Without including any pictures, reproduce all the lines below word for word.

Dataset content:
[Start of Attachment]
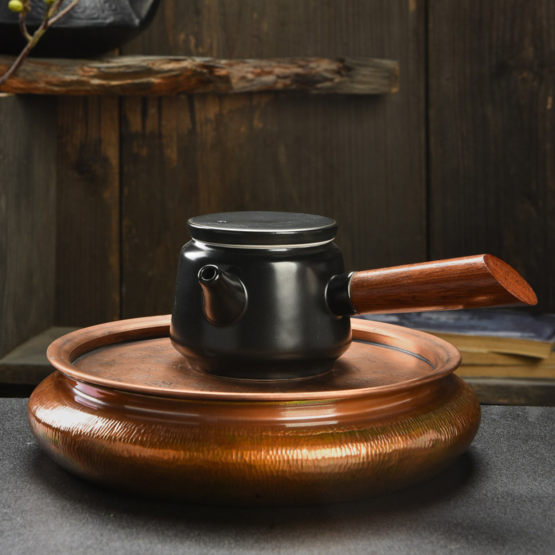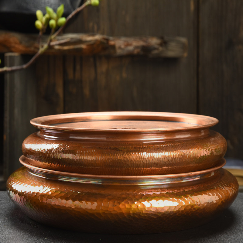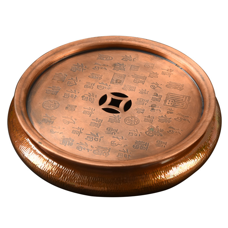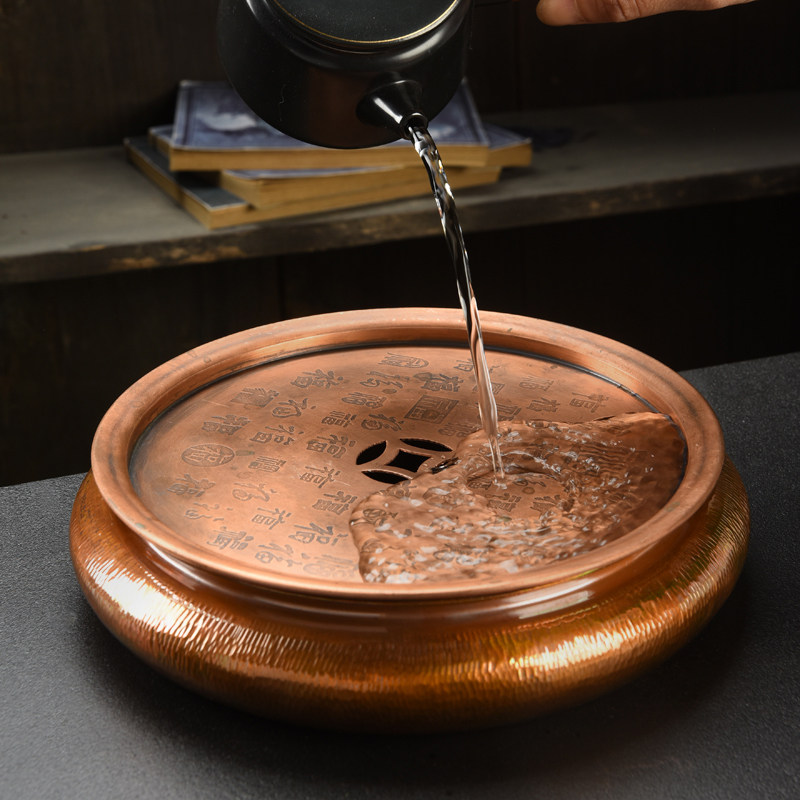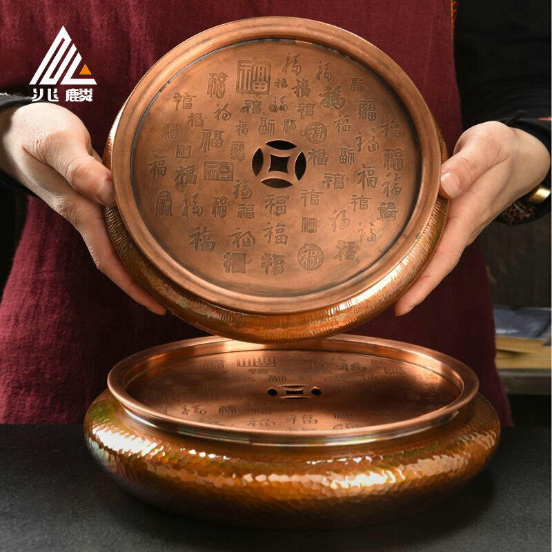 📚 兆麟紫铜壶承干泡盘手工铜制复古功夫茶盘茶船茶托茶承铜建水壶托
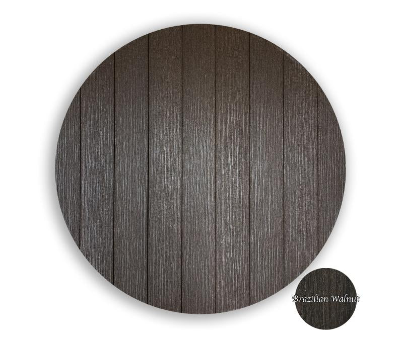 Composite Lumber - (High-Density Polyethylene) or "composite", cannot be stained or sealed. Weather-resistant. Available in: Brazilian Walnut, Coastal Gray, Driftwood Gray, and Walnut.
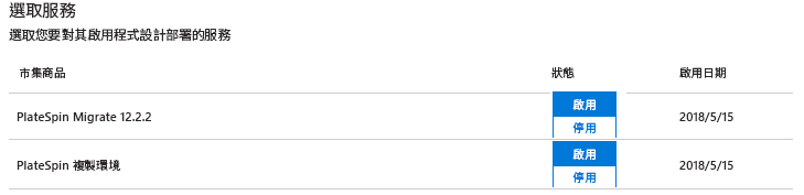 針對每個要使用 PlateSpin 執行移轉的 Azure 訂閱,在 Select Offerings (選取服務) 下,將 PlateSpin 複製環境狀態從 Disable (停用) 變更為 Enable (啟用)。
[End of Attachment]
Answer for the task:
 📚 兆麟紫铜壶承干泡盘手工铜制复古功夫茶盘茶船茶托茶承铜建水壶托
 Composite Lumber - (High-Density Polyethylene) or "composite", cannot be stained or sealed. Weather-resistant. Available in: Brazilian Walnut, Coastal Gray, Driftwood Gray, and Walnut.
 針對每個要使用 PlateSpin 執行移轉的 Azure 訂閱,在 Select Offerings (選取服務) 下,將 PlateSpin 複製環境狀態從 Disable (停用) 變更為 Enable (啟用)。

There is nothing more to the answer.